Therefore, the length of hose lowered into the existing borehole is
not always a good indication of the length of the lateral borehole
cut by the fluid cutter. The assembly may therefore include a
sensor to detect the speed and the direction of hose travel through
the assembly. The sensor may comprise an encoder wheel in the
assembly which is biased against the hose.
[0052] Other sensors may be provided which are not part of the
assembly but which determine various parameters of the flexible
hose drill string. For instance, a surface sensor may be provided
to determine the amount of tension in the hose feeding down the
existing borehole, and this sensor can comprise a load cell. The
hose may be wound around a hose drum which may include a load cell
to determine the tension in the hose.
BRIEF DESCRIPTION OF THE DRAWINGS
[0053] Embodiments of the invention will be described with
reference to the following drawings in which
[0054] FIG. 1 is a diagrammatic view showing a vertical borehole
and a coal seam;
[0055] FIGS. 2, 2A and 2B are views of an assembly according to an
embodiment of the invention with the arm member in a retracted
position;
[0056] FIGS. 3, 3A and 3B are views of the assembly of FIG. 2 with
the arm in an extended position.
[0057] FIG. 4 is a view of an alternative assembly having a single
linked arm member and without cutters, and in the extended
position.
[0058] FIG. 5 is a view of another assembly in the retracted
position, with fluid cutters, and with no provision for a flexible
hose drill string to pass through the arm member. (ie a pure
cutter).
[0059] FIG. 6 is a view of the assembly of FIG. 5 in the extended
position.
[0060] FIG. 7 is a view of an assembly according to a further
embodiment of the invention and which contains a number of
sensors.
[0061] FIG. 8 is a close up view of the arm member of FIG. 7.
BEST MODE
[0062] Referring to the figures, and initially to FIG. 1, there is
shown diagrammatically an ultra-short-radius drilling method and
assembly for cutting a substantially horizontal bore 63 into a coal
seam 10 from an existing vertical borehole 11.

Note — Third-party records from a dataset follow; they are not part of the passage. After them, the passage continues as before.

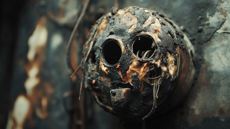 A close-up of a scorched light socket with burnt wire connections and soot marks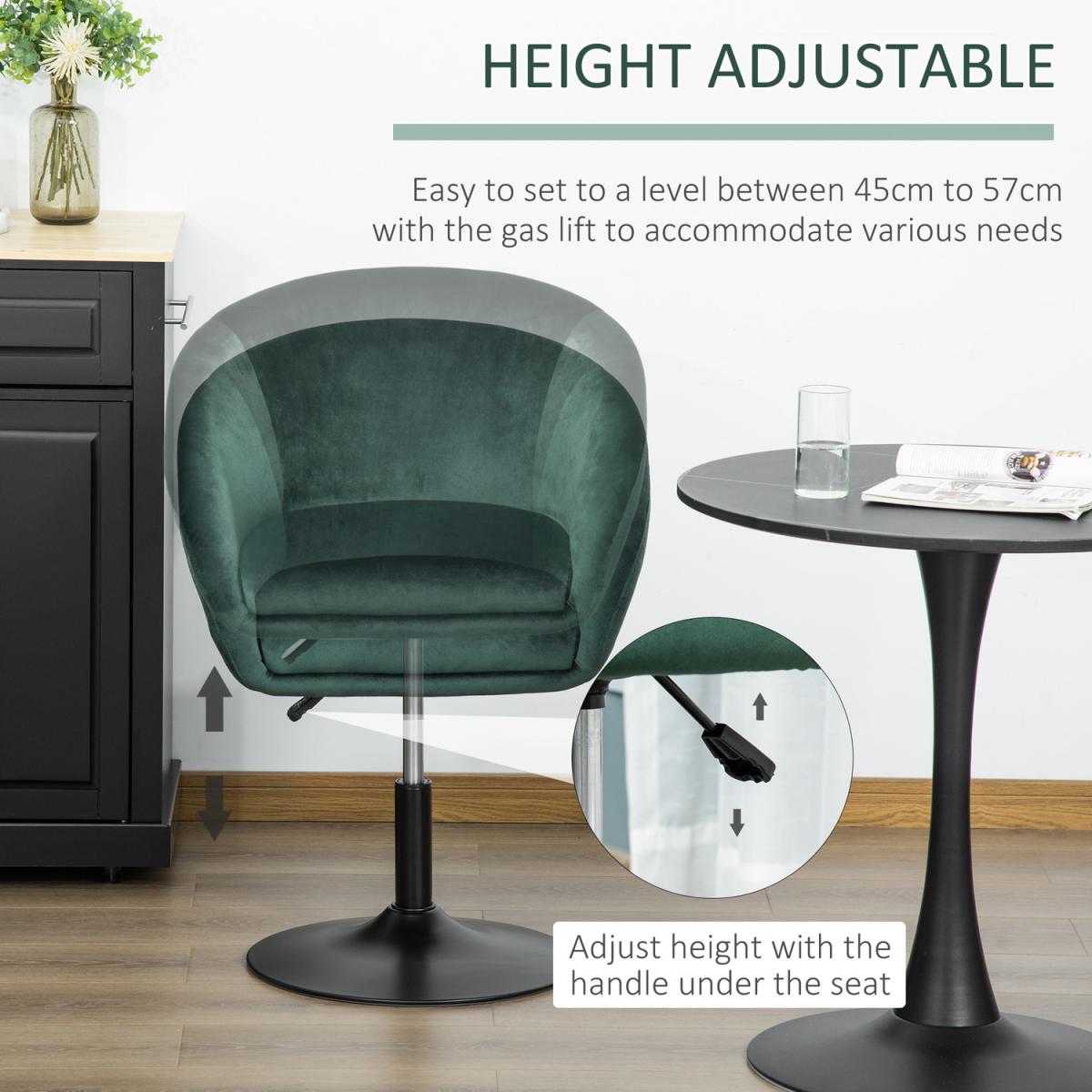 A beautiful piece for the everyday in your home - this HOMCOM stool seat. A stylish and spacious tub shape, there's plenty of room to sit and relax, with the padded seat, soft velvet-feel upholstery and high back making it as comfortable and supportive as possible. Height is also adjustable between 45cm and 57cm: it's easy to fix to a level you're happy with. Fixed on a strong metal frame, it's completed with a large round base for balance.
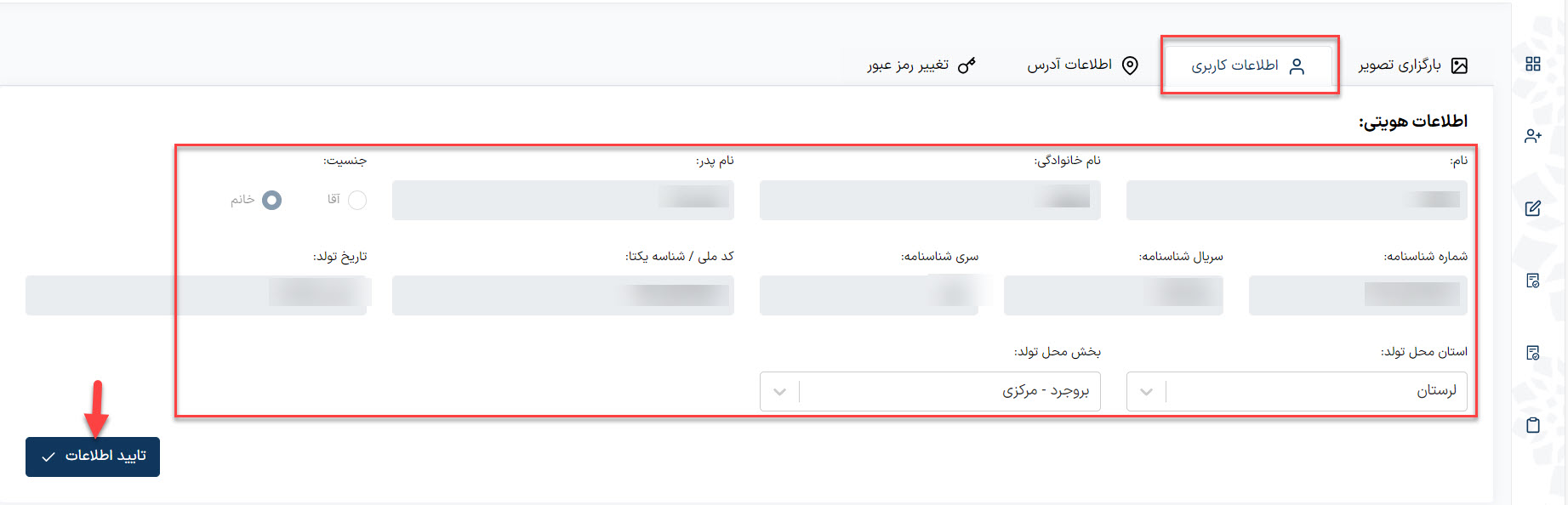 در بخش دوم اطلاعات هویتی (کاربری) قابل مشاهده هستند در صورت صحت اطلاعات عنوان تایید اطلاعات را لمس نمایید.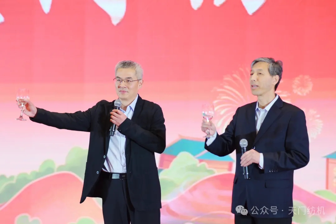 在28日的“天門紡機之夜”招待晚宴,天門紡機市場總監周志宏、中國紗線網副主編孫其海分別致祝酒辭。酒香四溢之中,精彩的節目表演及抽獎活動把晚宴氣氛推向高潮。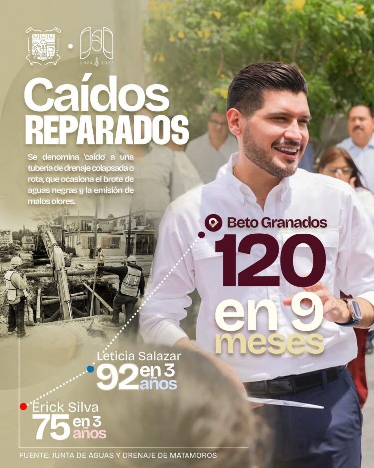 Matamoros, Tamaulipas.– Con paso firme y resultados visibles, el Gobierno de Matamoros que encabeza Beto Granados continúa atendiendo una de las principales problemáticas de la ciudad: los caídos, es decir, las tuberías de drenaje colapsadas o rotas que generan brotes de aguas negras y malos olores. En apenas nueve meses de administración, ya se han reparado 120 caídos, una cifra que supera ampliamente lo logrado por gobiernos anteriores en periodos de tres años.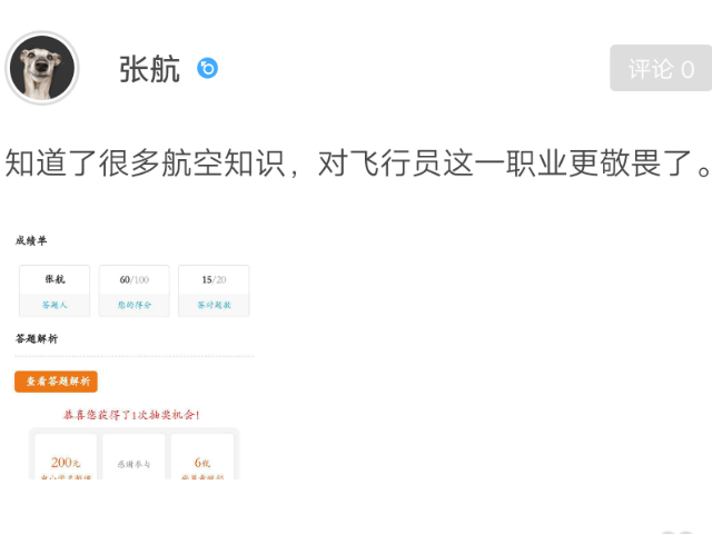 本次竞赛活动为选手们设计了选择题、填空题、论述题和附加题四种题型,内容涵盖中国民航发展史、飞行原理基础知识、机型理论知识、气象知识、特请处置方案、高原和山区飞行的特殊要求,以及恶劣天气下的飞行标准等相关知识。竞赛在出题模式上,注重实践性,通过理论联系实际,充分检验参赛选手对环境的管理能力、决策能力、应急处置能力,全面考验参赛选手作为飞行学员的综合专业素质。经过激烈角逐,共有15人获得一等奖,30人获得二等奖,45人获得三等奖。比赛结束后,参赛选手们纷纷通过照片、截图的方式将自己的学习过程展示出来,积极与同学们讨论航空知识,分享学习心得。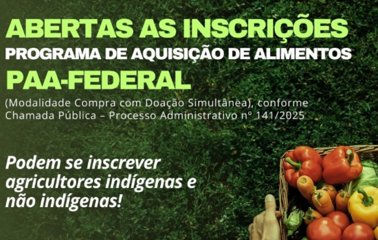 O Governo Municipal de Ipuaçu abriu as inscrições para o Programa de Aquisição de Alimentos (PAA-Federal), na modalidade Compra com Doação Simultânea, conforme a Chamada Pública – Processo Administrativo nº 141/2025. A iniciativa é voltada a agricultores indígenas e não indígenas, com atendimento realizado em horário comercial, no Centro de Múltiplo Uso, entre os dias 21 e 30 de outubro.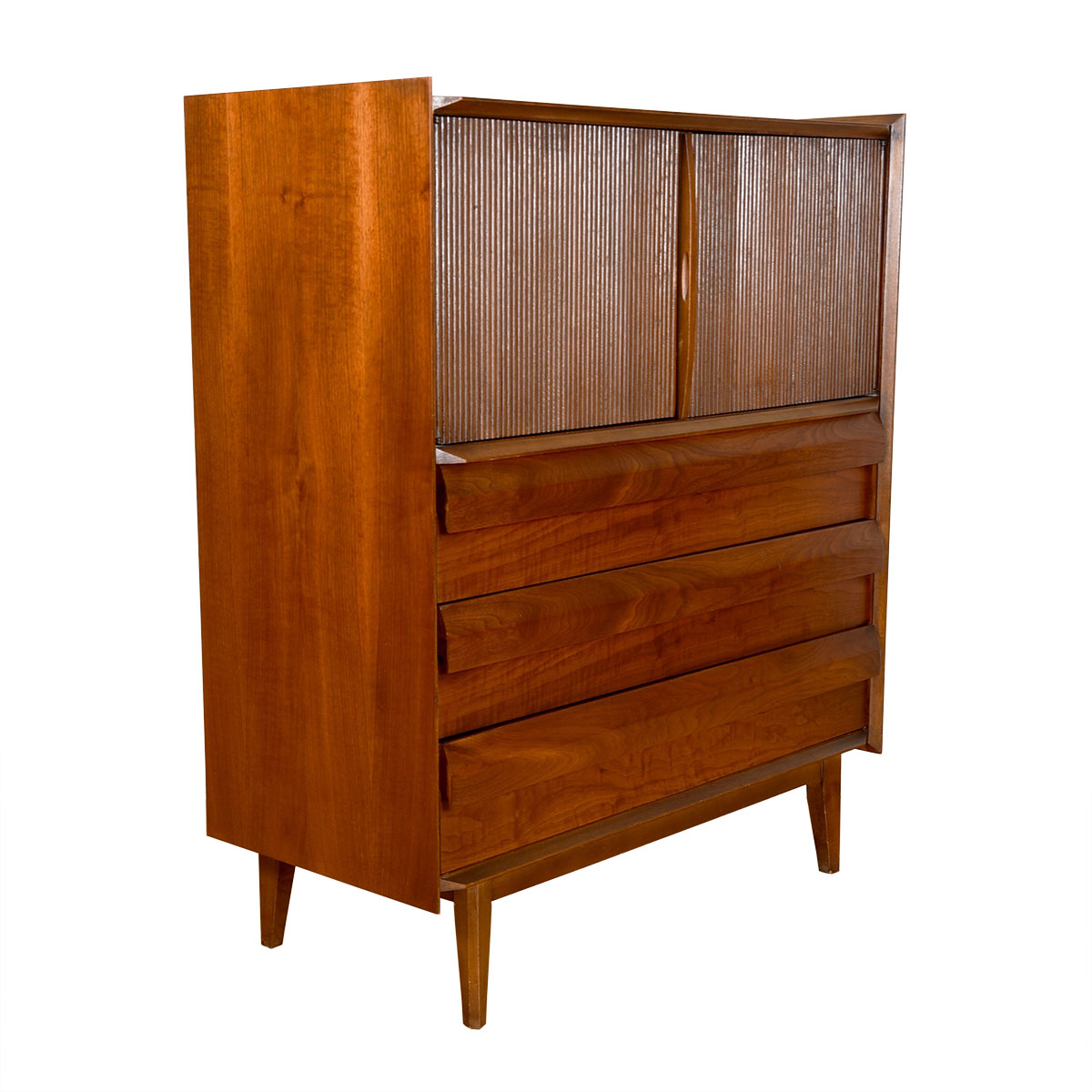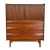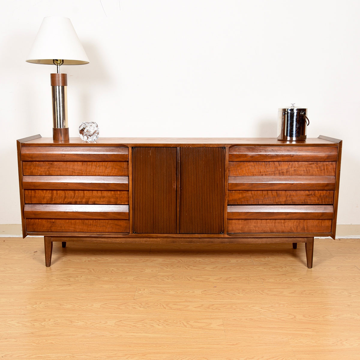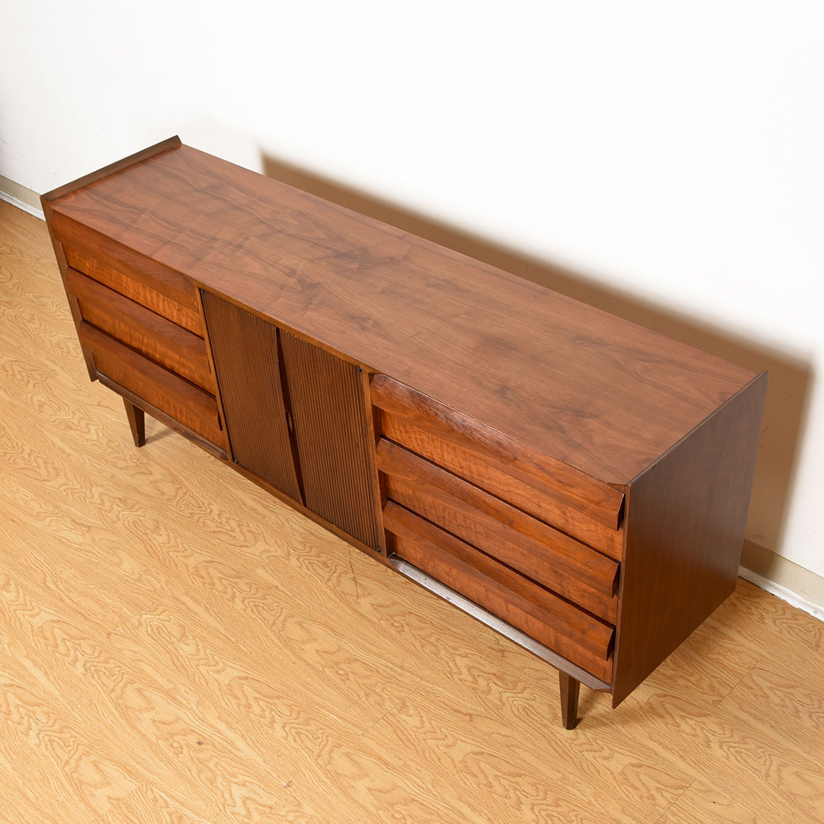 The stunning walnut figuring on this solid and well-crafted American piece complements the design and provides a play of light and dark across its front.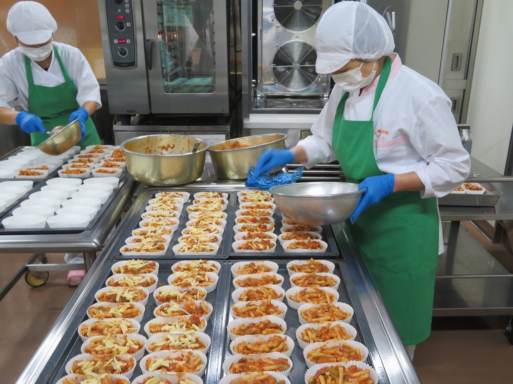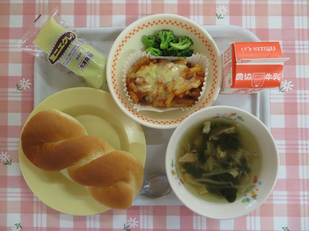 グラタンも給食の定番ですが、今回はトマトソースのグラタンを作

[0063] FIG. 1 shows a vertical bore 11 pre-drilled into the ground
and extending through a coal seam 10.
[0064] An assembly 14 is shown in FIG. 1 and which is positioned in
a pre-formed slot or cavity 60 in one side of vertical borehole
11.
[0065] A self-advancing steerable fluid cutting device 16 has been
positioned substantially horizontally into coal seam 10 by virtue
of the assembly 14.
[0066] The self-advancing cutting device 16 has a tubular steel
body about 40-80 cm long and 5-15 cm in diameter. The body has a
number of rearwardly facing high pressure retro jet thrusters which
propel the cutting apparatus in a forward direction. The front face
of the cutting device is provided with one or more high pressure
water jet cutters to cut the bore. High pressure water is supplied
to the cutting device by a surface pump 61 and through a high
pressure flexible hose 62 which is attached to the rear of cutting
device 16. Hose 62 is flexible and can pass through the assembly 14
as the cutting device moves along the bore 63. To retract the
cutting device 16 it is dragged back along bore 63 by winding the
flexible hose 62 onto hose winch 18, and until the cutting device
is back in the arm member 22.
[0067] The flexible hose drill string 62 which extends to the
surface and to a high pressure pump 61 and hose winch 18. High
pressure fluid is passed through hose 62 to power the forward water
jet cutters of the device 16 and also the retro-thrusters which
propels the device forwardly and against the coal face to be cut by
the water jets.
[0068] The cutting device 16, in the retracted "at home" position,
is initially within erectable arm member 22 which can move from a
collapsed position where it is inside main body 20 of assembly 14
to an erect position as illustrated in FIG. 1. Of course, the arm
member can adopt a partially erect position, with the position of
the arm member determining the point of entry of the fluid cutting
device 16 into the cavity side wall.
[0069] Cutting device 16 can be lowered down the vertical borehole
and fed into arm member 22 when the arm member is in the collapsed
position, or can be prepositioned in arm member before the assembly
is lowered into the vertical bore. In both instances, the cutting
device 16 is in the arm member as it is raised.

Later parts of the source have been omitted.